*** Block opens ***

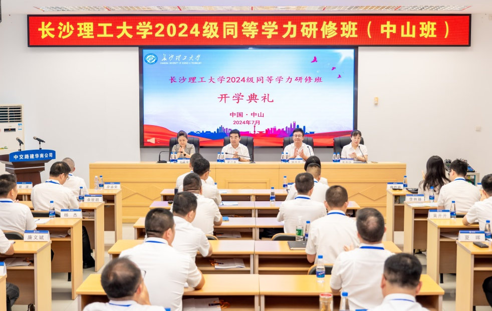 7月26日,“威廉体育williamhill2024级同等学力研修班(中山班)”开班典礼在中山隆重举行,中交路桥华南公司党委书记、董事长夏江南同志,威廉体育williamhill继续教育学院院长邹兴平教授,副院长刘英姿同志出席典礼,本期研修班40多名学员均来自于中交路桥华南公司各部门和项目办。开班典礼由中交路桥华南公司人力资源部经理张向玲主持。
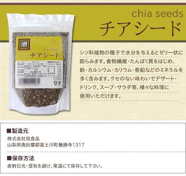 | シソ科植物の種子で水分を与えるとゼリー状に膨らみます。食物繊維・たんぱく質をはじめ、鉄・カルシウム・カリウム・亜鉛などのミネラルを多く含みます。クセのない味わいでデザート・ドリンク、スープ・サラダ等、様々な料理にご使用いただけます。 |
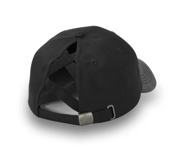 Women’s Stacked Bar & Shield Ponytail Cap – Harley Black
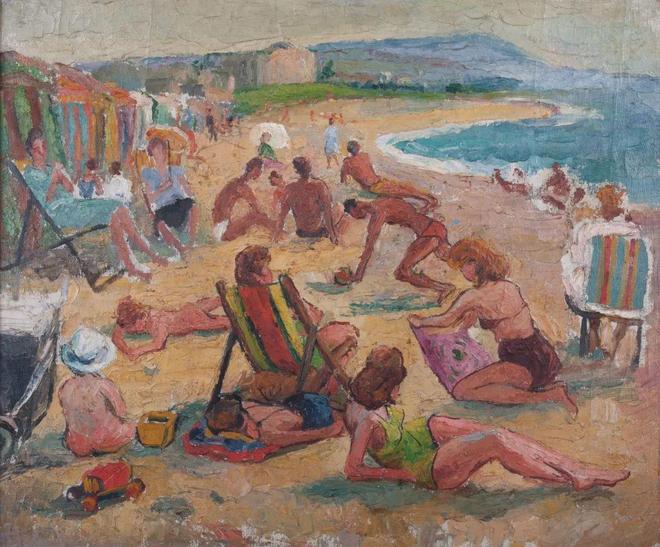 这幅《海滨浴场》里藏着独属于夏日的慵懒与热烈。画中的沙滩以暖色铺就,阳光的温度仿佛要溢出画布。冷色的海浪只占据画面一角,却仿佛轻拍着岸边,似有海风扑面而来。
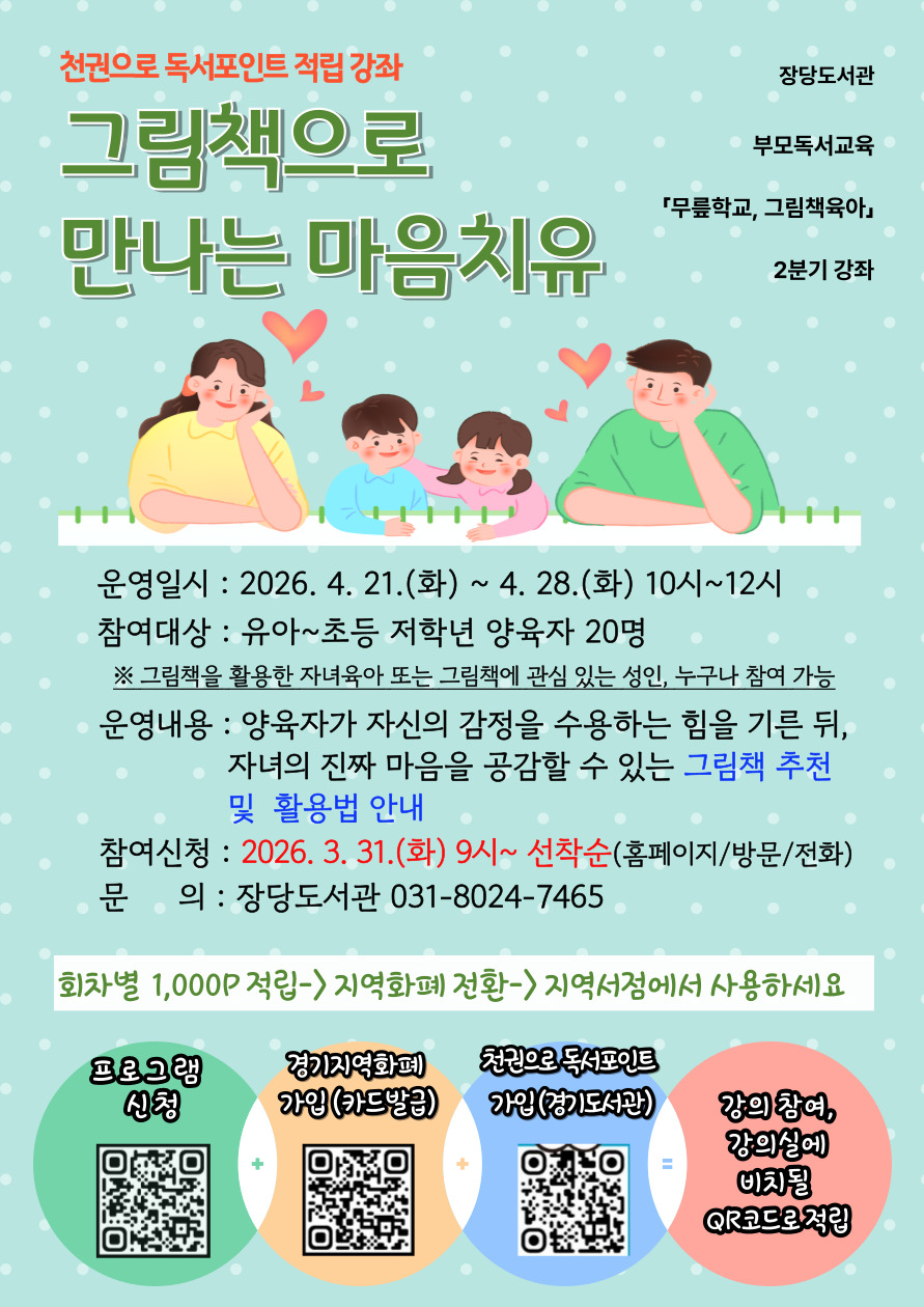 | 문화행사명 | [장당] 부모독서교육 <무릎학교, 그림책육아> 2분기 ※천권으로 독서포인트 적립 강좌※ |

*** Block closes ***

* **Task description**: Print exactly the lines between the line containing "这幅《海滨浴场》里藏着独属于" and the last line of the entries above, including both, and nothing besides; skip the pictures.

* **Result**:
 这幅《海滨浴场》里藏着独属于夏日的慵懒与热烈。画中的沙滩以暖色铺就,阳光的温度仿佛要溢出画布。冷色的海浪只占据画面一角,却仿佛轻拍着岸边,似有海风扑面而来。
 | 문화행사명 | [장당] 부모독서교육 <무릎학교, 그림책육아> 2분기 ※천권으로 독서포인트 적립 강좌※ |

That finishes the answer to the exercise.